__Data__:
=== Section Start ===

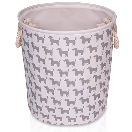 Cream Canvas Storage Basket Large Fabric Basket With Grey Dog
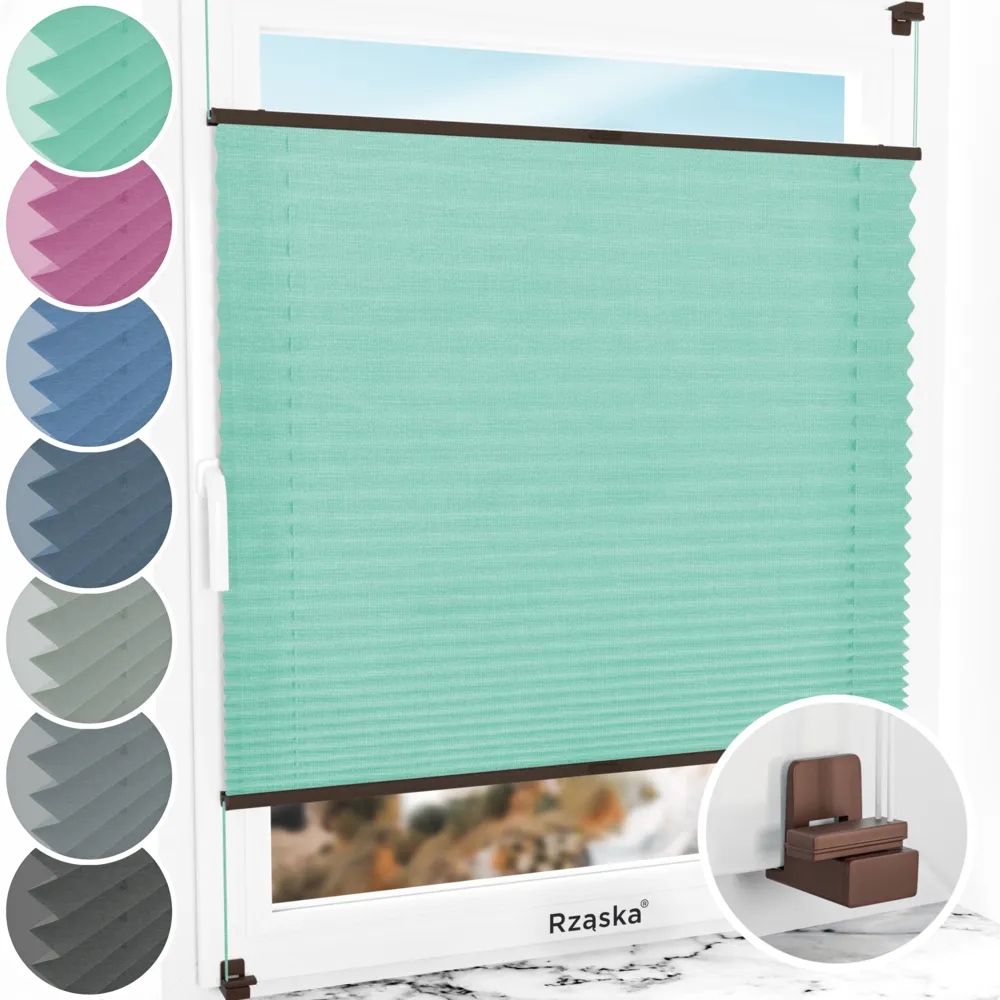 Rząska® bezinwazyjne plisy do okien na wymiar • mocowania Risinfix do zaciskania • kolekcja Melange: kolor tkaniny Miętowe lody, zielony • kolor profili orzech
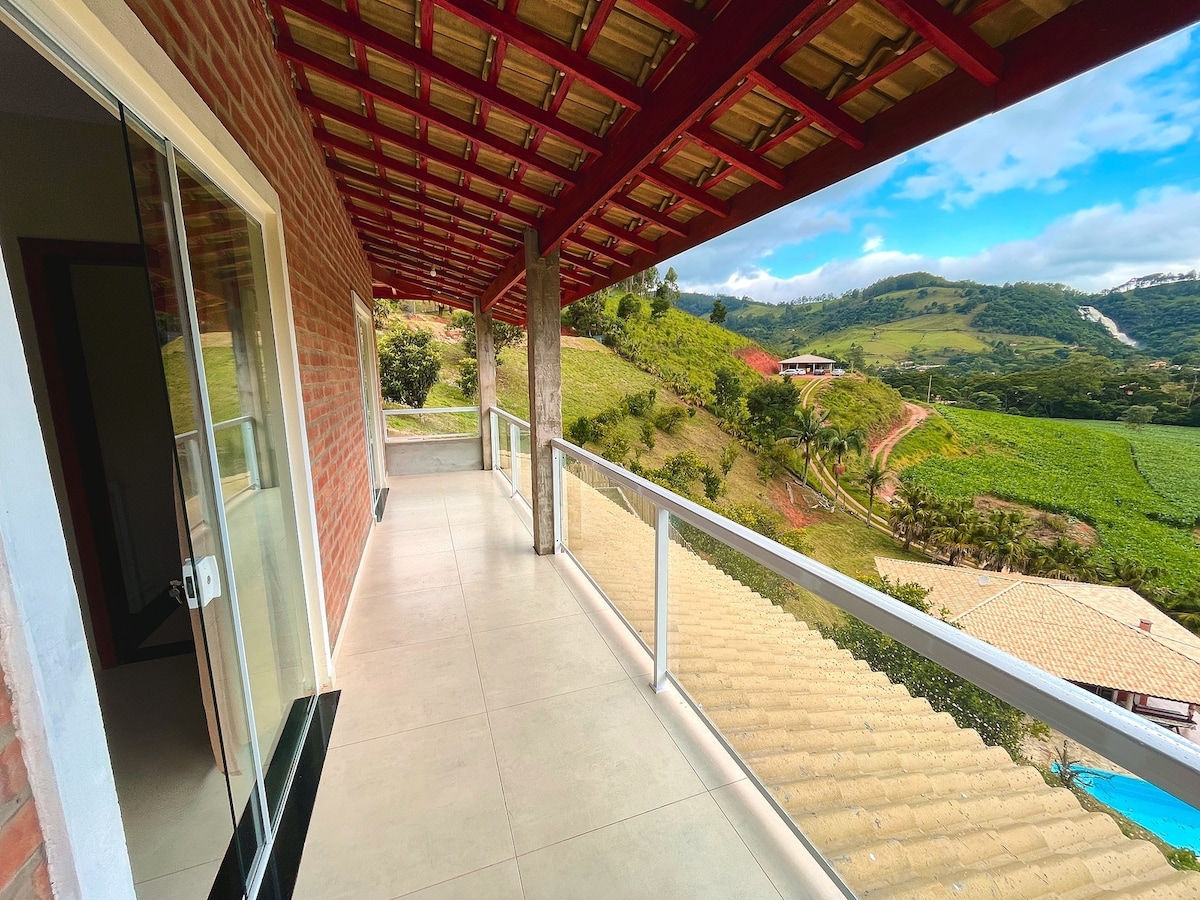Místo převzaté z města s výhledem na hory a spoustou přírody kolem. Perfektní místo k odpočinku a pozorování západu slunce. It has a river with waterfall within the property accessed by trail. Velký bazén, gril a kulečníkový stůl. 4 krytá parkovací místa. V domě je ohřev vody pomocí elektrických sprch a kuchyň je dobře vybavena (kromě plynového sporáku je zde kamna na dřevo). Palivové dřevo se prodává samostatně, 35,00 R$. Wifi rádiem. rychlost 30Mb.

=== Section End ===

__Task brief__: Your output must reproduce the material above in full, with no pictures.

__Written solution__:
 Cream Canvas Storage Basket Large Fabric Basket With Grey Dog
 Rząska® bezinwazyjne plisy do okien na wymiar • mocowania Risinfix do zaciskania • kolekcja Melange: kolor tkaniny Miętowe lody, zielony • kolor profili orzech
Místo převzaté z města s výhledem na hory a spoustou přírody kolem. Perfektní místo k odpočinku a pozorování západu slunce. It has a river with waterfall within the property accessed by trail. Velký bazén, gril a kulečníkový stůl. 4 krytá parkovací místa. V domě je ohřev vody pomocí elektrických sprch a kuchyň je dobře vybavena (kromě plynového sporáku je zde kamna na dřevo). Palivové dřevo se prodává samostatně, 35,00 R$. Wifi rádiem. rychlost 30Mb.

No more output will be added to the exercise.